CODEWITHSUNDEEP
rplothistogram
neizod
neizod

Reputation: 1577

In R, can I change histogram title without specify `main=`?

Ok, suppose I create a very simple histogram with my function:

hist(my.fun(100))

The title of my histogram show Histogram of my.fun(100). This is perfectly fine for me! I like the way R automatically recognize my.fun(100) and put it in the title and label.

But then I do complex computation, says:

n <- my.complex.algo.that.compute.size(args)
hist(my.fun(n))

This time, the title show Histogram of my.fun(n). Which gives no clue on how large is n. I know that n will be evaluate to some integer, suppose that for this run n == 42, I like to see the title of histogram show Histogram of my.fun(42) instead.

Is this possible without specifying the title by myself (no main=paste(...)).

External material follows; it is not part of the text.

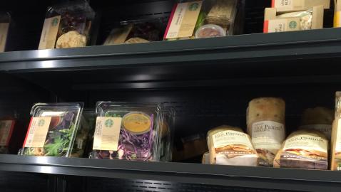 - Starbucks. This is my go-to, especially in Chicago where there’s a Starbucks on every city block. They always have fresh food, bananas and so many snacks. And if you need a meal they have great options for that as well, especially their egg white spinach feta wrap!

I've try these and fail:

hist(my.fun(`n`))
hist(my.fun(eval(n)))

Upvotes: 1

Views: 3400

Answers (2)

neizod
neizod

Reputation: 1577

After I look up and learn from hist source code, I can say that this is impossible when hist is called as top level function. Because of this line in the source code:

xname <- paste(deparse(substitute(x), 500), collapse = "\n")

The deparse(substitute(x)) try to catch (not-yet-evaluated) expression tree and turn it into a string. This mean whatever expression I type as first argument for the hist function, it will be turned into a string right away without any evaluation.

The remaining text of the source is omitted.